Она была бы рада вернуться прямо сейчас, до полуночи, но на земле еще осталось дело – то самое, что решит их судьбы.
Никто, кроме Уллы, не заметил, как исчез Роффе. Его братья продолжали пить вино и танцевать, наслаждаясь последней ночью на берегу. И вот часы пробили одиннадцать. Улла отыскала в толпе Сигне и коснулась ее разгоряченной спины.
– Пора, – шепнула она.
Рука об руку они покинули бальную залу и направились в комнату Уллы, у дверей которой их должен был ожидать принц.
Переменившуюся атмосферу Улла почувствовала еще с порога. Несмотря на тоску по дому, она успела обжиться в этой комнате и по-своему ее полюбить, привыкла к запахам камня и воска, душистому аромату сосен далеко внизу.
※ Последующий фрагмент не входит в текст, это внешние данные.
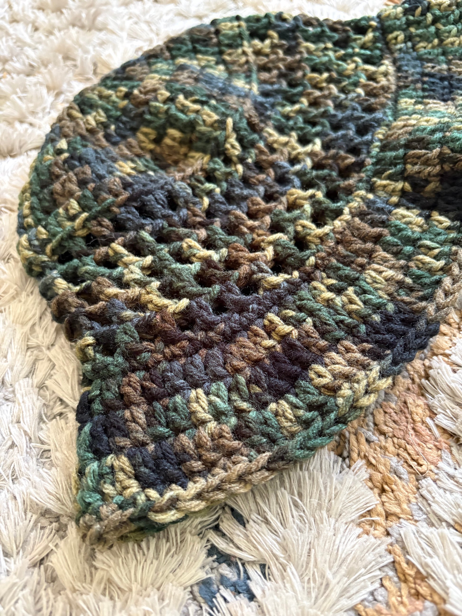 Inspired by forest trails, cozy cabins, and wild wanderings, this handmade crochet bucket hat is the ultimate go-to for neutral lovers and nature souls. The openwork stitch keeps it breezy while the camouflage-inspired yarn blends beautifully into any laid-back wardrobe.
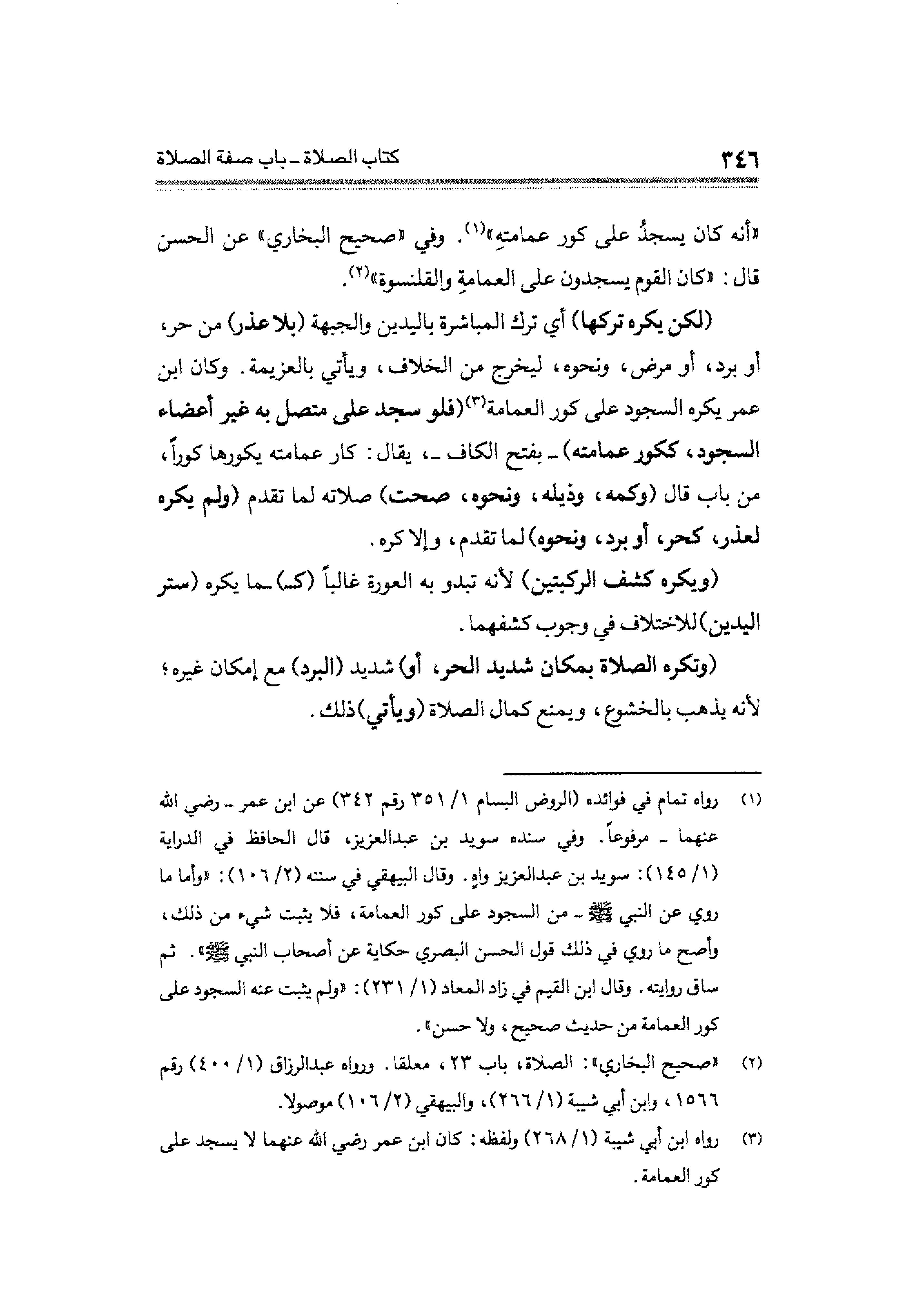 (¬٣) رواه ابن أبى شيبة (١/ ٢٦٨) ولفظه: كان ابن عمر رضي الله عنهما لا يسجد على كور العمامة.
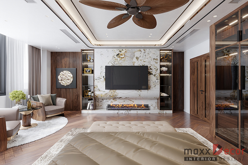 Phòng ngủ master với nội thất gỗ óc chó vô cùng sang trọng tiện nghi với hệ kệ ti vi, hệ thống lò sưởi bàn trà thể hiện đẳng cấp quý tộc.
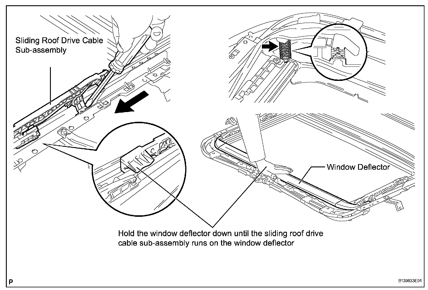 HINT: Hold the window deflector down, as shown in the illustration, until the sliding roof drive cable sub-assembly runs on the window deflector.
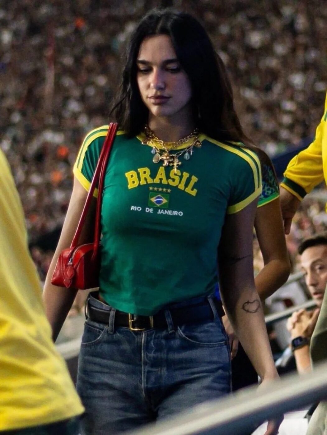 축구장에서도 그녀의 패션 센스는 열일 모멘츠를 뽐냈습니다. 가족들과 함께 플루미넨시와 플라멩구의 축구 경기를 보러 간 그녀는 플루미넨시 구단이 선물한 브라질 국가대표 컬러의 베이비 티셔츠에 스트레이트 진으로 타이트한 실루엣을 선보였는데요. 여기에 빈티지한 참들이 달린 체인 목걸이와 이어링, 그리고 귀여운 레드 백으로 포인트를 줘 한층 더 경쾌한 분위기의 브라질 코어 스타일이 완성됐죠.
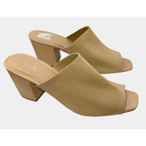 MIA Hilary Block Heel Slip On Mule Tan Sz. 10 Stretchy Comfortable
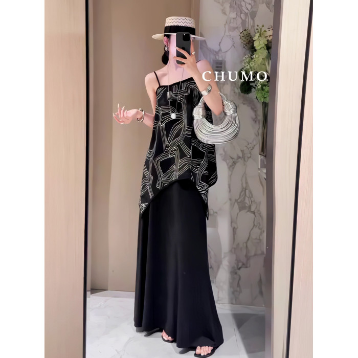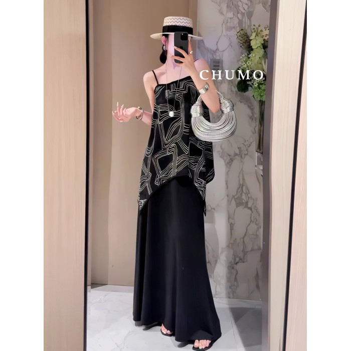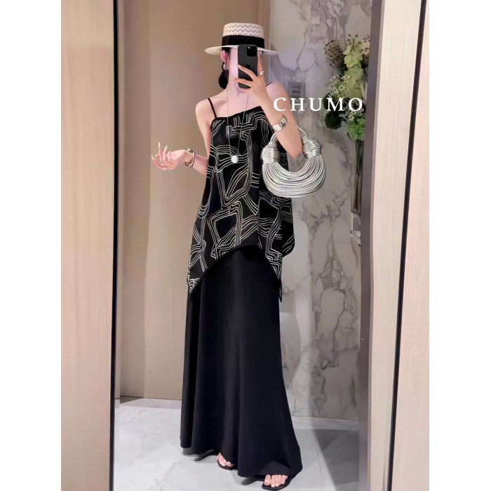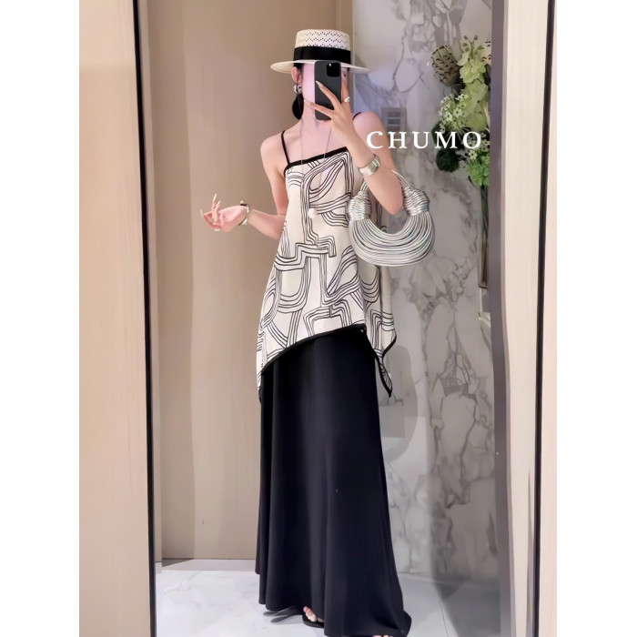 韓版老錢風寬松幾何條紋吊帶背心襯衫上衣高腰半身裙時尚兩件套
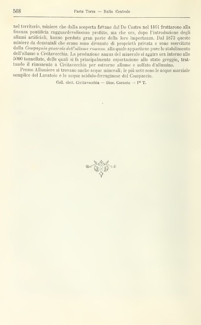 nel territorio, miniere clie dalla scoperta fattane dal De Castro nel 1461 fruttarono alla finanza pontificia ragguardevolissimo profitto, ma che ora, dopo l'introduzione degli allumi artificiali, hanno perduto gran parte della loro importanza. Dal 1873 queste miniere da demaniali che erano sono divenute di proprietà privata e sono esercitate dalla Compagnia generale dell'allume romano, alla quale appartiene pure Io stabilimento dell'allume a Civitavecchia. La produzione annua del minerale si aggira ora intorno alle 5000 tonnellate, delle quali si fa principalmente esportazione allo stato greggio, trattando il rimanente a Civitavecchia per estrarne allume e solfato d'allumina.
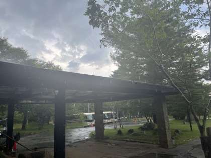 本日屋外での活動が全て終わったところで、突然雨が降ってきました。
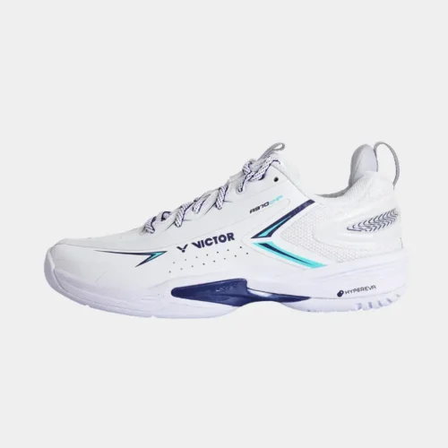 Ervaar de ultieme synergie van elegantie en topsportprestaties met de Victor A970cHP AB, uitgevoerd in het verfijnde White / Spectrum Blue. Deze high-end indoorschoen is het paradepaardje voor de veeleisende sporter die geen genoegen neemt met minder dan absolute stabiliteit en een bliksemsnelle respons. De kern van de schoen wordt gevormd door de revolutionaire HYPEREVA-tussenzool, die niet alleen een vederlicht gevoel geeft, maar ook een ongeëvenaarde schokabsorptie biedt om je gewrichten te sparen tijdens de meest intensieve sprongen en lunges. Met zijn gestroomlijnde witte basis en diepe blauwe accenten straalt de A970cHP pure klasse uit, terwijl de geavanceerde hielbescherming en verstevigde zijwanden ervoor zorgen dat je elke beweging met maximaal vertrouwen en precisie kunt uitvoeren.
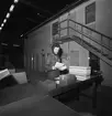 Vägstation Vmo X11, Delsbo. Materielförråd i öppet skjul. Vägtrummor av plåt, vedupplag

А сейчас на ее постели что-то лежало. Или кто-то.
При свете луны Улла разглядела распростертое на простынях тело.
– Не хочу, чтобы это произошло здесь, – сказала она.
– У нас мало времени, – бросил Роффе.
Улла приблизилась к кровати, и внутри у нее все сжалось.
– Он совсем юн, – промолвила она.
Руки и ноги лежащего связывали веревки, грудь ритмично вздымалась и опадала, рот был слегка приоткрыт.
– Он – убийца, приговоренный к повешению. Можно сказать, мы оказываем ему милость.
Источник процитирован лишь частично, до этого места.